## Data for analysis
....
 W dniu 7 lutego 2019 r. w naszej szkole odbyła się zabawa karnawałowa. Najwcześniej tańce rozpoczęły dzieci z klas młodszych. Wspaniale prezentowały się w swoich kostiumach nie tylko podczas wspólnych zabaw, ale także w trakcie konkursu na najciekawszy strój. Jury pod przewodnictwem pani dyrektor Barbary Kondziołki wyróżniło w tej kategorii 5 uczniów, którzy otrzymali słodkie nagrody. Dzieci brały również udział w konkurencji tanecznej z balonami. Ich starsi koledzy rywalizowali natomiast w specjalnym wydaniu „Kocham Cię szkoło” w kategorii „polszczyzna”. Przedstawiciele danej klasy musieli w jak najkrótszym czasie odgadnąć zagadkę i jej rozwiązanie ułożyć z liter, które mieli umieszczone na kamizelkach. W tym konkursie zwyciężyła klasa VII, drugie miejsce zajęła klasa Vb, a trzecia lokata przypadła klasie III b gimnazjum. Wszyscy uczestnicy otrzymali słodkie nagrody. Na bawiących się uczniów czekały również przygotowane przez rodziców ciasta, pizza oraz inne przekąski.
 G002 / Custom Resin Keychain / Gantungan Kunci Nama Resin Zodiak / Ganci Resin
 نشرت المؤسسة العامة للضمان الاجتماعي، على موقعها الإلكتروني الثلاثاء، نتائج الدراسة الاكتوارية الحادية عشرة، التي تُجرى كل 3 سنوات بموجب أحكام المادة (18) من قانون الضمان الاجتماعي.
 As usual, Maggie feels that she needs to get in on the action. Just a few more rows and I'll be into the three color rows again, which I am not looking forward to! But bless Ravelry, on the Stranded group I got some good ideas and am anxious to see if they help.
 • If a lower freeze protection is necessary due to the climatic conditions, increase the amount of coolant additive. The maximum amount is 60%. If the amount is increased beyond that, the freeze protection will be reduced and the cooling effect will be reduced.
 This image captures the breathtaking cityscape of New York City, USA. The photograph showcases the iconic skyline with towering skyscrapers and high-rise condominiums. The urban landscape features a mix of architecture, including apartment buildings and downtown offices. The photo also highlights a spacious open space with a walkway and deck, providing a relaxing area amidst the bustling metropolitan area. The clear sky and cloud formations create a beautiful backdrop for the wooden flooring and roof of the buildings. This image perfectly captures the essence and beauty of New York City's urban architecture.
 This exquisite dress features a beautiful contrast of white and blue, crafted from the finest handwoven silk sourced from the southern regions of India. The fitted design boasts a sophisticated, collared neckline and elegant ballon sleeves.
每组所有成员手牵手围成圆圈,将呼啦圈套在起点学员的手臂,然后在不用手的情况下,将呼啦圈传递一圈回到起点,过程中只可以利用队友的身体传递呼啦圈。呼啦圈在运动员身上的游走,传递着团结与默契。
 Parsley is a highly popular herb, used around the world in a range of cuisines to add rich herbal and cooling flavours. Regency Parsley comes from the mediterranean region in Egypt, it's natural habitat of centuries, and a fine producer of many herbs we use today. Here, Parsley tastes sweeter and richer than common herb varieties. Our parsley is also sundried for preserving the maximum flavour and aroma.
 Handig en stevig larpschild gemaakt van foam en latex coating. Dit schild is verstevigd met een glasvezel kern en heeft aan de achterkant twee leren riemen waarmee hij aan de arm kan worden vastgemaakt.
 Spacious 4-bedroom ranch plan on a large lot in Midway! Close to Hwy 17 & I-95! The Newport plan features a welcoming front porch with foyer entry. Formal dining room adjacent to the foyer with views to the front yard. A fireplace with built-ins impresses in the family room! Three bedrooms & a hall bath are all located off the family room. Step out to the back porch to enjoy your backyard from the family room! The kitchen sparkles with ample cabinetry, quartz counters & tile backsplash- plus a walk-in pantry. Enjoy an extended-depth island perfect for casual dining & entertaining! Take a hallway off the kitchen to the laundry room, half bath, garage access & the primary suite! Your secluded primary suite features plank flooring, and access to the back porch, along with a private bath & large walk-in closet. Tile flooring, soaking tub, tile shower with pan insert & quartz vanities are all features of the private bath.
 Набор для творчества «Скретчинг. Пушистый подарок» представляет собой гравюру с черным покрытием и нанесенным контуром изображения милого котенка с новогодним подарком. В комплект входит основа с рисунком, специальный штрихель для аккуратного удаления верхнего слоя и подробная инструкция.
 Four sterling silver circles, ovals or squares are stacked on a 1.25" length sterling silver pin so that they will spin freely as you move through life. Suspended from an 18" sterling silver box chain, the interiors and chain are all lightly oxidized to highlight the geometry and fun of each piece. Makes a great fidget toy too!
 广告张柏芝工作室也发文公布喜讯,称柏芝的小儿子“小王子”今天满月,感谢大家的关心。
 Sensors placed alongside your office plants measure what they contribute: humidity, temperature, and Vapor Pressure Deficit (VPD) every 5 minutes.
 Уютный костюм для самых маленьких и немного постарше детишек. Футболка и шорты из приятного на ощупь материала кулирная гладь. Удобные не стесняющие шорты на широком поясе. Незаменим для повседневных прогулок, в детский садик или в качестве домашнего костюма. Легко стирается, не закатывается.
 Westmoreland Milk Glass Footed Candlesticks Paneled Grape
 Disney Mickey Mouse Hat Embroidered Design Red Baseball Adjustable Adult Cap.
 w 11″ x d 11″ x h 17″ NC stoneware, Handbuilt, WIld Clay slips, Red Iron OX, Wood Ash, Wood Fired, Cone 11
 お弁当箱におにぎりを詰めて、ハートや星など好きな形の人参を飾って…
....
## What to produce
Please restate, exactly as written, the line that holds "Disney Mickey Mouse" and all remaining lines of the data above, and only those.

## Exercise answer
 Disney Mickey Mouse Hat Embroidered Design Red Baseball Adjustable Adult Cap.
 w 11″ x d 11″ x h 17″ NC stoneware, Handbuilt, WIld Clay slips, Red Iron OX, Wood Ash, Wood Fired, Cone 11
 お弁当箱におにぎりを詰めて、ハートや星など好きな形の人参を飾って…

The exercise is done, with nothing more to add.